One of the oldest medicinal uses of cabbage is for stomach ulcers. In a landmark study published in California Medicine, 13 patients with peptic ulcers were treated with fresh cabbage juice. The ulcers healed rapidly, both on X-ray and direct visual examination. The researchers attributed the effect to a compound they called “vitamin U” (S-methylmethionine), which had previously been shown to prevent ulcer formation in animal models. While vitamin U isn’t officially classified as a vitamin today, cabbage juice remains a traditional remedy for gastric discomfort, and the early clinical evidence supporting it is surprisingly direct.

Immune System Support

Vitamin C is cabbage’s headline nutrient for immune function, and it works on multiple levels. It accumulates in immune cells called neutrophils, where it enhances their ability to move toward infection sites, engulf pathogens, and generate the reactive molecules that kill microbes. It also helps clear spent immune cells from infection sites, reducing unnecessary tissue damage. Beyond the innate immune system, vitamin C supports the growth and specialization of B-cells and T-cells, the core players of long-term immunity.

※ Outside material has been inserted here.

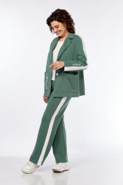 Комплект из трикотажных брюк, жакета и майки в зеленом стиле Диомант 2043 зелень
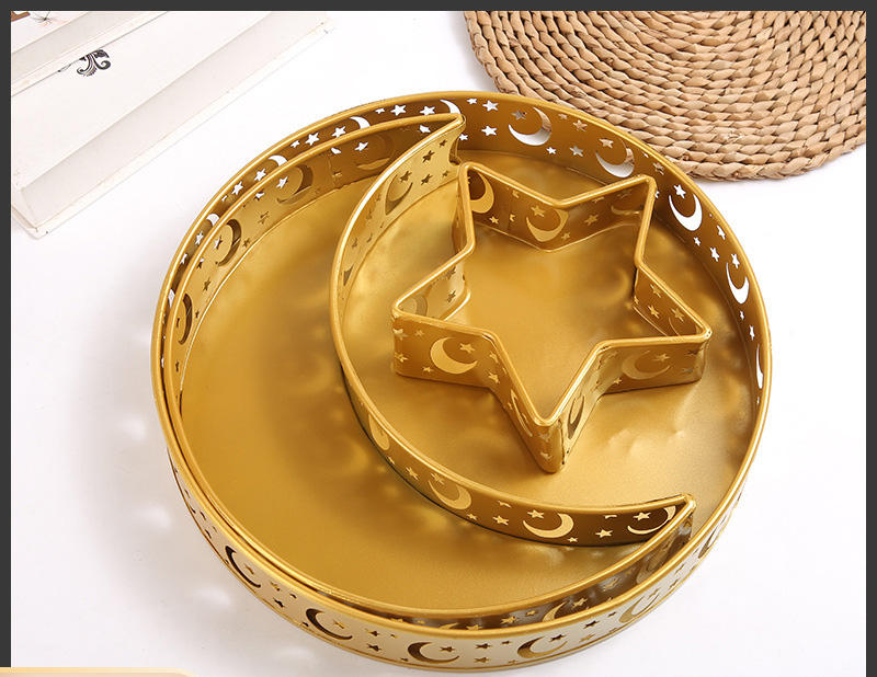 ถาดเสิร์ฟอาหารโลหะคุณภาพสูงลายพระจันทร์และดวงดาวสำหรับเทศกาลอีดมูบารัค ของตกแต่งบ้านสำหรับงานเลี้ยงชาวมุสลิม ขายดีอันดับต้นๆ

Vitamin C also stabilizes collagen, the structural protein in skin, blood vessels, and connective tissue. Your skin is your first physical barrier against infection, and adequate vitamin C keeps it intact. Research suggests that 100 to 200 milligrams of vitamin C per day is enough to reach optimal blood levels in healthy people, and a few generous servings of cabbage contribute meaningfully toward that target.

Joint Pain and Topical Use

Applying raw cabbage leaves directly to swollen or painful joints is a folk remedy that has held up under clinical testing. In a randomized controlled trial, patients with moderate to severe knee osteoarthritis applied cabbage leaves to their knees for one hour daily. After four weeks, they showed significant improvements in both pain scores and knee function. The cabbage leaf group performed as well as patients using cooling gel pads and better than those using a standard topical pain medication (diclofenac gel), with no side effects reported.

An earlier trial found similar results: reduced pain, less functional disability at four weeks, and improved quality of life at 12 weeks. The exact mechanism isn’t fully understood, but the leaves likely deliver a combination of mild cooling, anti-inflammatory plant compounds absorbed through the skin, and gentle compression. For people looking for a drug-free option to manage osteoarthritis discomfort, wrapping a chilled cabbage leaf around the knee is low-risk and surprisingly well-supported.

Cooking Methods and Nutrient Retention

How you prepare cabbage matters more than most people realize. Boiling is the worst method for preserving vitamin C, with retention rates as low as zero in some vegetables. Steaming does better but still causes significant losses. Microwaving preserves the most vitamin C overall, with retention above 90% in several tested vegetables. The difference comes down to water exposure and cooking time: vitamin C is water-soluble, so it leaches into cooking water during boiling and prolonged steaming.

If you’re boiling cabbage for soup, the nutrients end up in the broth rather than disappearing entirely, so drinking the liquid recaptures some of what’s lost. For stir-fries, salads, or quick-steamed side dishes, you’ll retain far more of the original vitamin C and other heat-sensitive nutrients. Eating cabbage raw, as in coleslaw, preserves everything.

Vitamin K and Blood Thinners

If you take warfarin or a similar blood-thinning medication, cabbage’s vitamin K content is worth paying attention to. Vitamin K helps your blood clot, which directly counteracts what warfarin is designed to do. Cooked cabbage falls in the medium range for vitamin K (25 to 100 micrograms per 100-gram serving). You don’t need to avoid it, but you do need to eat consistent amounts from day to day. Eating a large serving one day and none the next can cause your medication’s effectiveness to fluctuate unpredictably. Health Canada recommends a daily vitamin K intake of 90 to 120 micrograms, and keeping your intake steady is more important than keeping it low.